§ TASK DIRECTIONS
When you reach the line containing "Наручные часы Jacques" in the entries below, begin reproducing lines exactly, and stop once the line containing "Si l'espace à" is done.

§ RECORDS FOR PROCESSING
-------

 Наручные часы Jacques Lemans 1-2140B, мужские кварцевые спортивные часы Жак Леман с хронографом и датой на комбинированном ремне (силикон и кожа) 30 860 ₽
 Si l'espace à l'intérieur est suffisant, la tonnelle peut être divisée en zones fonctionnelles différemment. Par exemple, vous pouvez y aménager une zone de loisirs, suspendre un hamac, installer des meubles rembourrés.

-------

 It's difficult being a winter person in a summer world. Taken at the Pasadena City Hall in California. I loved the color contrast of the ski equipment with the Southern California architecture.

-------

§ ANSWER BOX
 Наручные часы Jacques Lemans 1-2140B, мужские кварцевые спортивные часы Жак Леман с хронографом и датой на комбинированном ремне (силикон и кожа) 30 860 ₽
 Si l'espace à l'intérieur est suffisant, la tonnelle peut être divisée en zones fonctionnelles différemment. Par exemple, vous pouvez y aménager une zone de loisirs, suspendre un hamac, installer des meubles rembourrés.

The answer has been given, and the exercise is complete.